Set down, word for word, each line from the top of the data through the line that has "Mε αφορμή τη"; omit every picture.

*** Excerpted records Section Begins ***

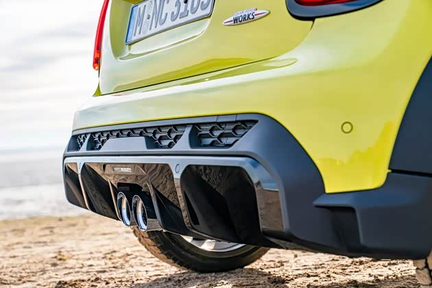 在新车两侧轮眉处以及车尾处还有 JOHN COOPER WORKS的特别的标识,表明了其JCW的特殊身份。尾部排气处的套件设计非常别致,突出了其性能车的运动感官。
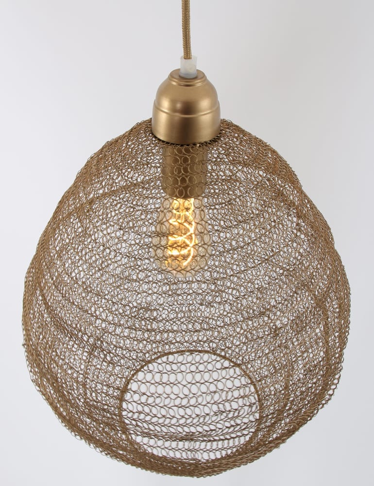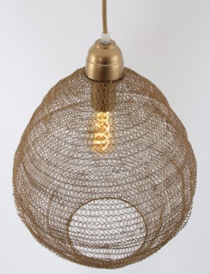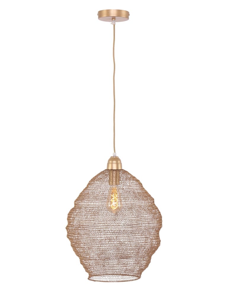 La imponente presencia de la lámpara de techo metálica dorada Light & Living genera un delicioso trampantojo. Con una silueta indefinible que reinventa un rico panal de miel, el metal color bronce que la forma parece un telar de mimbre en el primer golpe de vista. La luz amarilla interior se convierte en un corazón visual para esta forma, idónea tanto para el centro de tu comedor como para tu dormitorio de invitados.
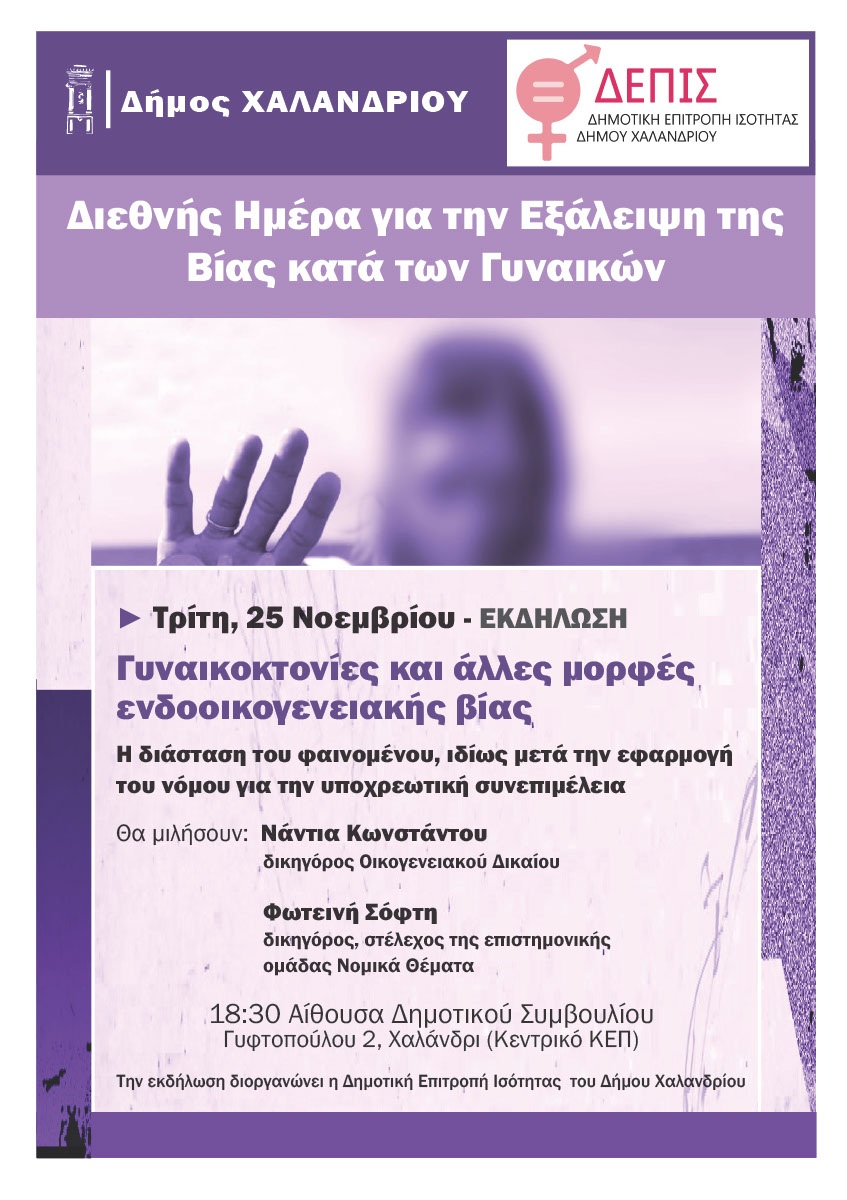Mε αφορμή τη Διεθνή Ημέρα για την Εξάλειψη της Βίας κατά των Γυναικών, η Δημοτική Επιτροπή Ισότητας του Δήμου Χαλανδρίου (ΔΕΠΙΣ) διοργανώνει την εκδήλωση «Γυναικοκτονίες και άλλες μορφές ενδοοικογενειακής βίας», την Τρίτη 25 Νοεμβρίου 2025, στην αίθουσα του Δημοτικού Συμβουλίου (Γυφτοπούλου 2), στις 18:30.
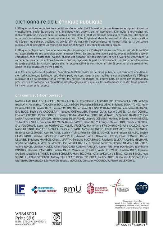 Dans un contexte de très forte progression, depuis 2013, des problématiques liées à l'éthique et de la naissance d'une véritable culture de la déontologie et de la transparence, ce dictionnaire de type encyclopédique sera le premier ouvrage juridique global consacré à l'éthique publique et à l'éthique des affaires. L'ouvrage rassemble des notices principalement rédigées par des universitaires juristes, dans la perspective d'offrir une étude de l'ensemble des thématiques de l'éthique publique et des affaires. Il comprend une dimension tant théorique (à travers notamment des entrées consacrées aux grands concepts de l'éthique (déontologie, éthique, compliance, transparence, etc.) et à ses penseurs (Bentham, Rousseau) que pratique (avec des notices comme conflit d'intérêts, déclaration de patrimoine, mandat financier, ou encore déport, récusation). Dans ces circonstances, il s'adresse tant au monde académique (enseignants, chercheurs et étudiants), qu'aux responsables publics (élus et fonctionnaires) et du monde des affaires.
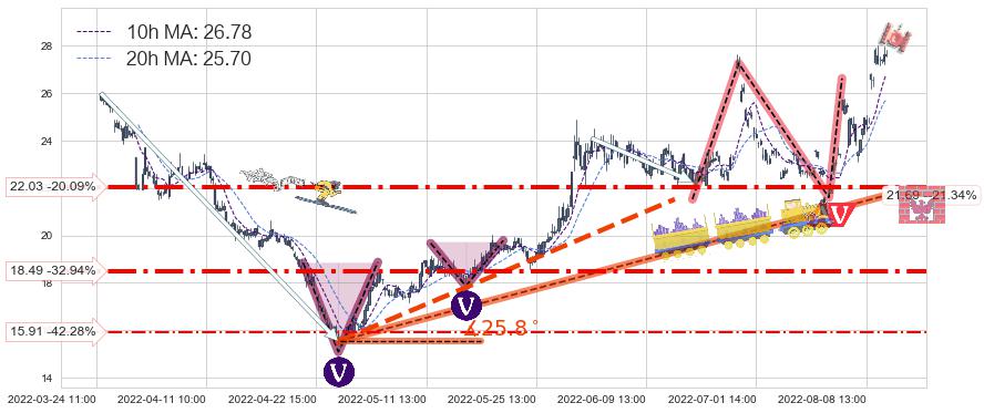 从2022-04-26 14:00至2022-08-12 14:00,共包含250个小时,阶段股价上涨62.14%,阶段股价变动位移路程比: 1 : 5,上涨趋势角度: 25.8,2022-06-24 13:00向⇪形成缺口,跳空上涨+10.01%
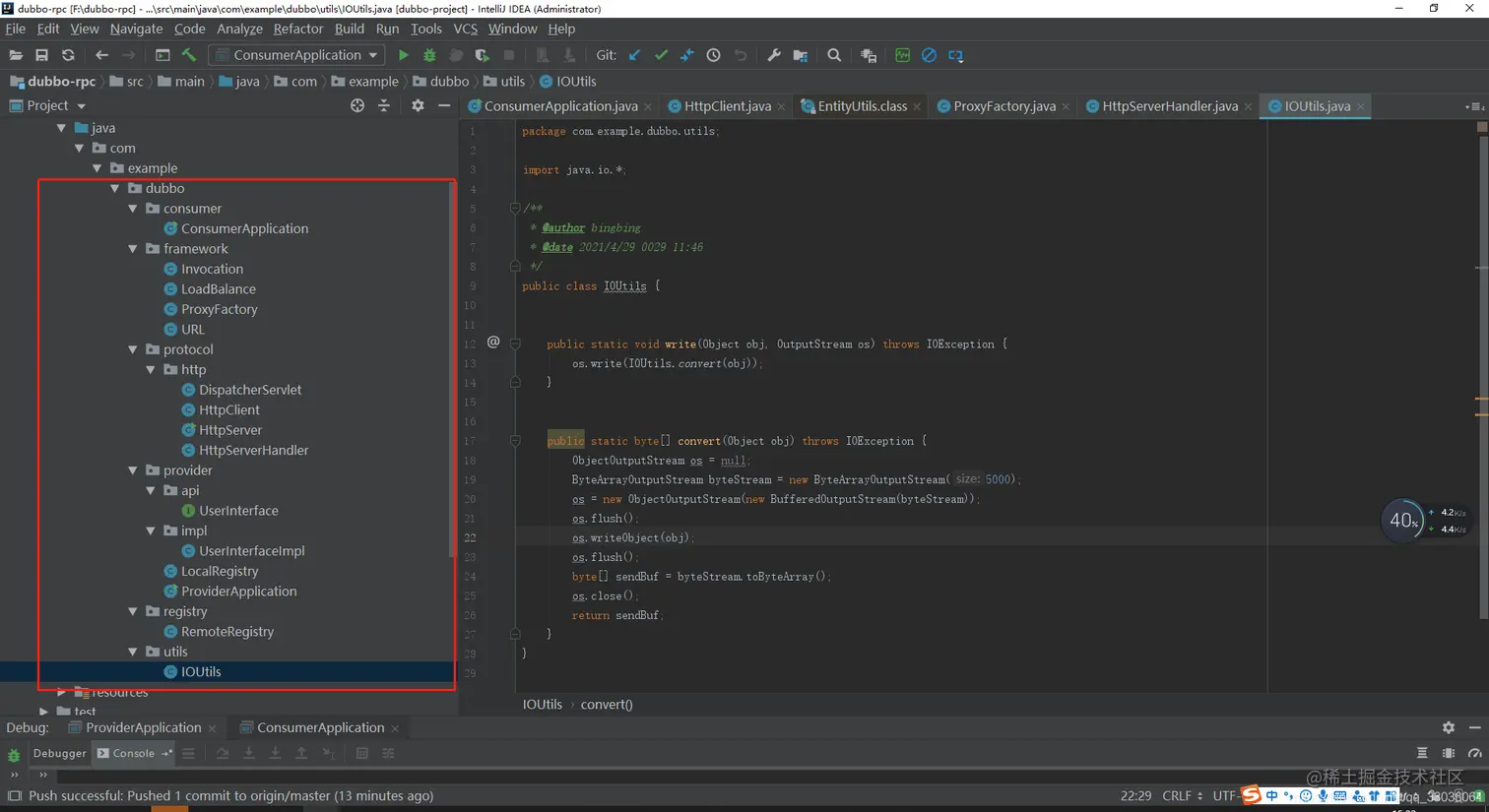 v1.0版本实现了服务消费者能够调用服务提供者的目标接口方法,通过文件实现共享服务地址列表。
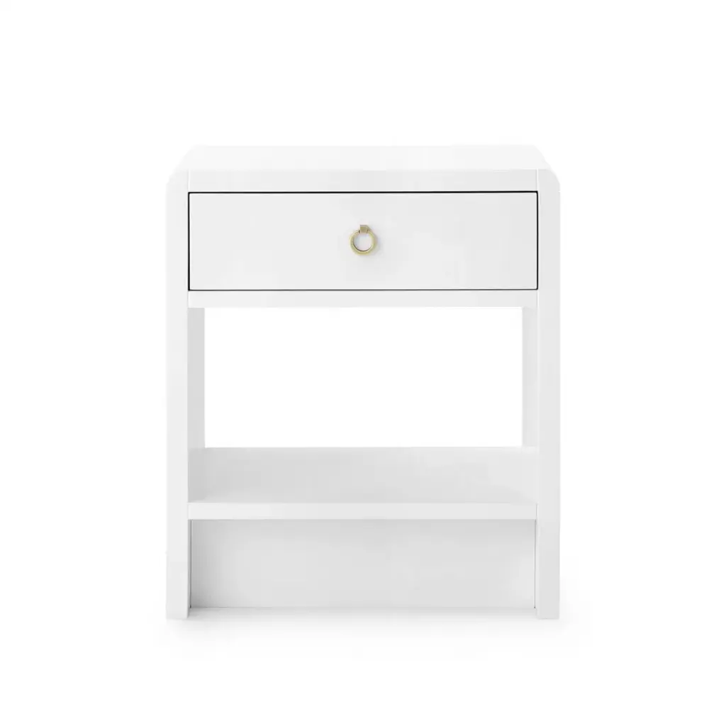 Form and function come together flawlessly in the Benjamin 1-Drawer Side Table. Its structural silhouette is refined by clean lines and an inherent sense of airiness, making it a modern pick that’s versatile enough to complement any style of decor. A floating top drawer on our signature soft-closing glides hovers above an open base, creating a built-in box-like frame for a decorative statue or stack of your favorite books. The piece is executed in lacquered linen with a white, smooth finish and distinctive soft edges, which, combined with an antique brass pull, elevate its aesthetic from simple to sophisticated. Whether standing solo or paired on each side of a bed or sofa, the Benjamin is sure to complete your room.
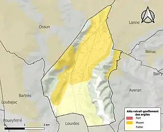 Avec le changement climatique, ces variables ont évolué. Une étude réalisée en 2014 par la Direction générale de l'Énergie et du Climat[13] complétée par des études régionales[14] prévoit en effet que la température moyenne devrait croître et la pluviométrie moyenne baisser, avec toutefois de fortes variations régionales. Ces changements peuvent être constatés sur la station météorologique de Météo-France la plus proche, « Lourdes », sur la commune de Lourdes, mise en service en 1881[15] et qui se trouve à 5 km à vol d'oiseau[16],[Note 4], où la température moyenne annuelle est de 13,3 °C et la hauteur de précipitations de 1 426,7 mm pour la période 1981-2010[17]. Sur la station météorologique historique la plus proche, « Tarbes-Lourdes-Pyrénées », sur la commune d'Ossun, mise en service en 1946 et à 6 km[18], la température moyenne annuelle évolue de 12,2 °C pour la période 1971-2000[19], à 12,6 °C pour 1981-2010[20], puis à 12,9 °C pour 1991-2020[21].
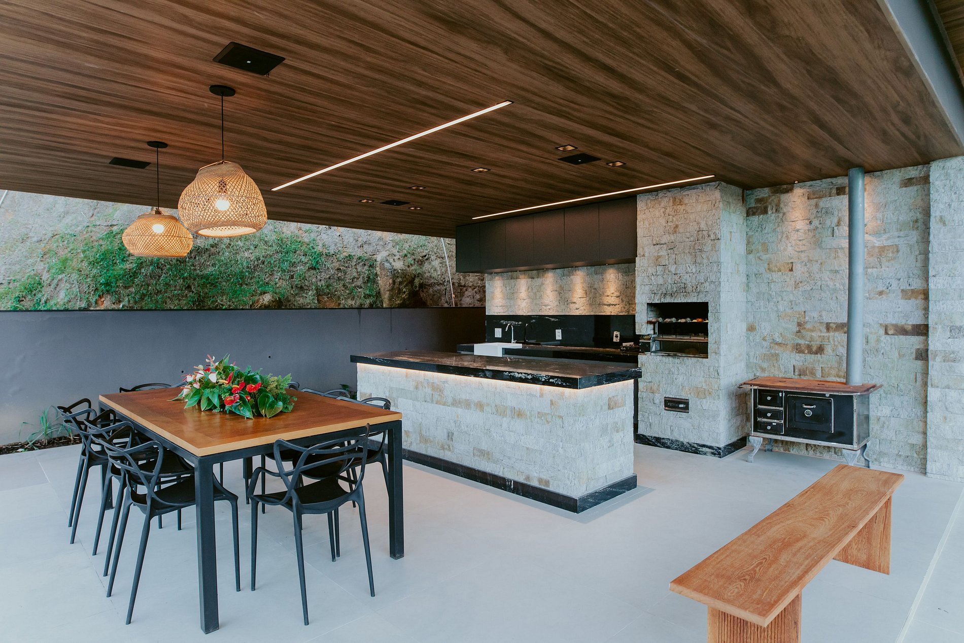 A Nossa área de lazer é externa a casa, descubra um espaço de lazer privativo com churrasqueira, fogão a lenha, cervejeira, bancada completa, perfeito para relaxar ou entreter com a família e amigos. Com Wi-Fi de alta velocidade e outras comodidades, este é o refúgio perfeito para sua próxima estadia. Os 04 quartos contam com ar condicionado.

*** Excerpted records Section Ends ***

▶ Answer to the exercise:
 在新车两侧轮眉处以及车尾处还有 JOHN COOPER WORKS的特别的标识,表明了其JCW的特殊身份。尾部排气处的套件设计非常别致,突出了其性能车的运动感官。
 La imponente presencia de la lámpara de techo metálica dorada Light & Living genera un delicioso trampantojo. Con una silueta indefinible que reinventa un rico panal de miel, el metal color bronce que la forma parece un telar de mimbre en el primer golpe de vista. La luz amarilla interior se convierte en un corazón visual para esta forma, idónea tanto para el centro de tu comedor como para tu dormitorio de invitados.
Mε αφορμή τη Διεθνή Ημέρα για την Εξάλειψη της Βίας κατά των Γυναικών, η Δημοτική Επιτροπή Ισότητας του Δήμου Χαλανδρίου (ΔΕΠΙΣ) διοργανώνει την εκδήλωση «Γυναικοκτονίες και άλλες μορφές ενδοοικογενειακής βίας», την Τρίτη 25 Νοεμβρίου 2025, στην αίθουσα του Δημοτικού Συμβουλίου (Γυφτοπούλου 2), στις 18:30.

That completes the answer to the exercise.